--- Task statement ---
Please set down only the lines below starting with the line with "The image on" and going on through the line with "This open concept", verbatim and without pictures.

--- The input ---

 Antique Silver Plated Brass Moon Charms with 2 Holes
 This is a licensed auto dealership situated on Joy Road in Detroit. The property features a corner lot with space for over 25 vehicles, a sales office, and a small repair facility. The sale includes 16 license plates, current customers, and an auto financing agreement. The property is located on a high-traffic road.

==

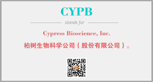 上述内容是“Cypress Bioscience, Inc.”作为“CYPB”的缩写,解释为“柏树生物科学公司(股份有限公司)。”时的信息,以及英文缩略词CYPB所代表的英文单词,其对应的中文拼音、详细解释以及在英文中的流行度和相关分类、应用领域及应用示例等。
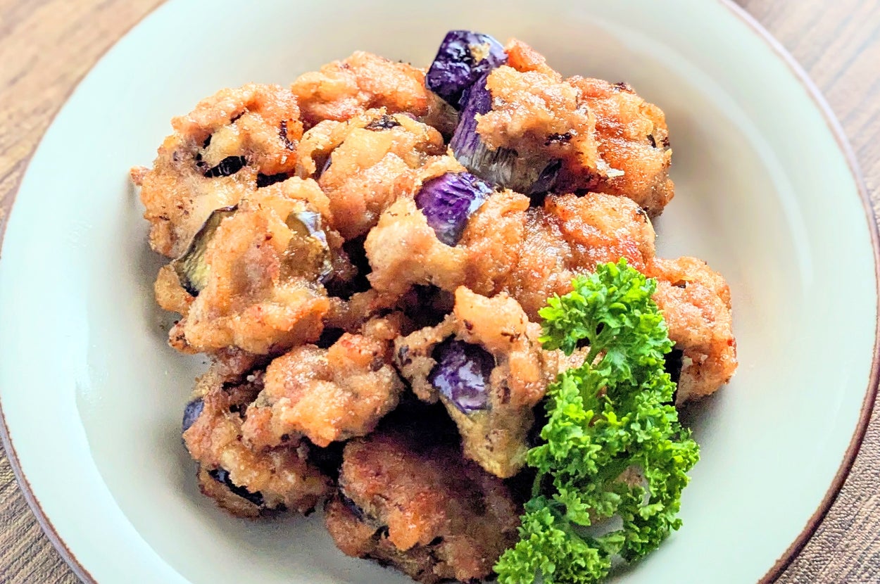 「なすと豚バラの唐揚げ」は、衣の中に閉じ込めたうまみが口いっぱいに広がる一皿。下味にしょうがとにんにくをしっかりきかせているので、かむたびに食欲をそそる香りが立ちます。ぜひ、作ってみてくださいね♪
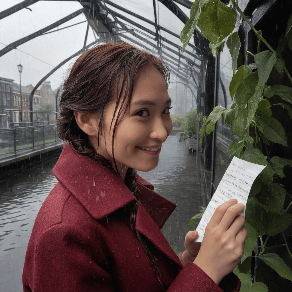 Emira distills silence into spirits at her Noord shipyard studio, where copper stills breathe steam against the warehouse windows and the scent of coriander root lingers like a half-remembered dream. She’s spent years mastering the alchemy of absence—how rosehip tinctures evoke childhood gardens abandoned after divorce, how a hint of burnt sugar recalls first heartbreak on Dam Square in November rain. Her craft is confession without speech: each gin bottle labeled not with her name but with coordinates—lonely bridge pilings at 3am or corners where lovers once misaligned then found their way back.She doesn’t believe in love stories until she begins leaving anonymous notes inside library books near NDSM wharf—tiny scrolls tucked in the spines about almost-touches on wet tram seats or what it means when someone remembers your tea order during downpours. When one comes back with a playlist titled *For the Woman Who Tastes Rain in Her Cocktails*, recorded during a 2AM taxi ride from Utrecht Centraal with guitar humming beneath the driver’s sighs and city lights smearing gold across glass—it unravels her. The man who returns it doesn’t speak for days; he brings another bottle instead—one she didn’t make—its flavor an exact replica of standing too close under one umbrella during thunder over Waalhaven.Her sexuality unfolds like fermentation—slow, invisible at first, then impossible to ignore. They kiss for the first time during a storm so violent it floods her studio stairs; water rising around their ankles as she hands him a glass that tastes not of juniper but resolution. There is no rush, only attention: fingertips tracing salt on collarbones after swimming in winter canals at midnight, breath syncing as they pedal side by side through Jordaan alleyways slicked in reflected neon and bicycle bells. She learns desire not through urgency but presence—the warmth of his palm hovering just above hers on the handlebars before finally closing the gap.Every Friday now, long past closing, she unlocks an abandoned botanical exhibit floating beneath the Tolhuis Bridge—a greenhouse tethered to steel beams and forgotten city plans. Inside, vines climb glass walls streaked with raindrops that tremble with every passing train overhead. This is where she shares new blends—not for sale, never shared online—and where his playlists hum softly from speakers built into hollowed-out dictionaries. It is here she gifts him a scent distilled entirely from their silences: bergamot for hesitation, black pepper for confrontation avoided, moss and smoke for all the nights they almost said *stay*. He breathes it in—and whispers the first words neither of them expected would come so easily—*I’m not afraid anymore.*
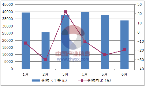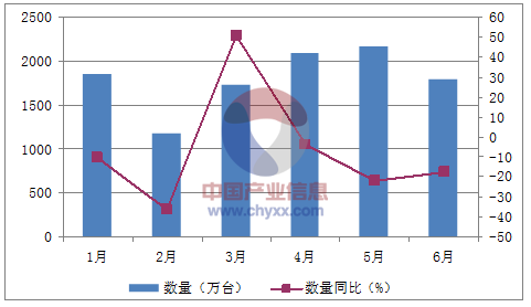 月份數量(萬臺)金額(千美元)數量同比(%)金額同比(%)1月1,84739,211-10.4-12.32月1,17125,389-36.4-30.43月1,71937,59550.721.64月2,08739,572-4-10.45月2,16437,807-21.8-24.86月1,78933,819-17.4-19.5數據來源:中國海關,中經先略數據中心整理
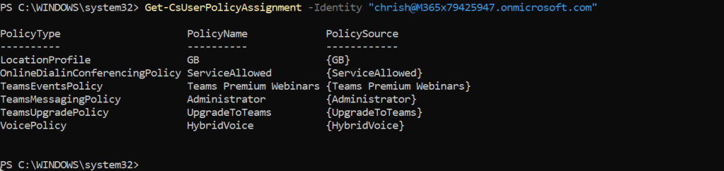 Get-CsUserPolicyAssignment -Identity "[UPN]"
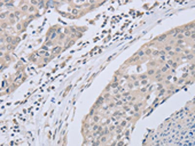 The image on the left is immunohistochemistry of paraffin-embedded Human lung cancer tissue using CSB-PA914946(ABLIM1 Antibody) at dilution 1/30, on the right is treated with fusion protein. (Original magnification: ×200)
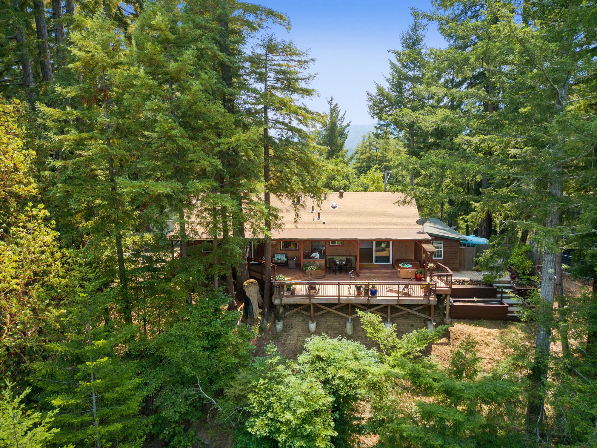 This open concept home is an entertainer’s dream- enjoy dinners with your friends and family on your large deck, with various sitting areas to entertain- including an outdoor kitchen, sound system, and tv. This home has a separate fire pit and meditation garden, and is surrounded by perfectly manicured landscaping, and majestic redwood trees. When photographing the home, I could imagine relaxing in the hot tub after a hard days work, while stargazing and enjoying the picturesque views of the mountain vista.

* * *

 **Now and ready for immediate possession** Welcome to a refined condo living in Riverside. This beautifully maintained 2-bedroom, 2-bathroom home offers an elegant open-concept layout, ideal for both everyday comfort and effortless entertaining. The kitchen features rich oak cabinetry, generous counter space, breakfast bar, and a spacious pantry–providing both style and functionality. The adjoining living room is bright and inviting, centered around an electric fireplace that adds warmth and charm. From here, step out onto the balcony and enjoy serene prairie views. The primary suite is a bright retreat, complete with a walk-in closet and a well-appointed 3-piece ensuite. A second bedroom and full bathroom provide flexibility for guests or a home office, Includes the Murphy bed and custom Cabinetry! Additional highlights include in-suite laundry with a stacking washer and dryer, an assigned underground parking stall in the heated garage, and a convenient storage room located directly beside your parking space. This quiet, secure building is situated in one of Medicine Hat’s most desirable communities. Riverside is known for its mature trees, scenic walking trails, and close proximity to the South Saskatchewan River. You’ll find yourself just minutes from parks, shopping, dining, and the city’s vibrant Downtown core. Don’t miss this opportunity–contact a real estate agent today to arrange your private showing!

--- Written solution ---
 The image on the left is immunohistochemistry of paraffin-embedded Human lung cancer tissue using CSB-PA914946(ABLIM1 Antibody) at dilution 1/30, on the right is treated with fusion protein. (Original magnification: ×200)
 This open concept home is an entertainer’s dream- enjoy dinners with your friends and family on your large deck, with various sitting areas to entertain- including an outdoor kitchen, sound system, and tv. This home has a separate fire pit and meditation garden, and is surrounded by perfectly manicured landscaping, and majestic redwood trees. When photographing the home, I could imagine relaxing in the hot tub after a hard days work, while stargazing and enjoying the picturesque views of the mountain vista.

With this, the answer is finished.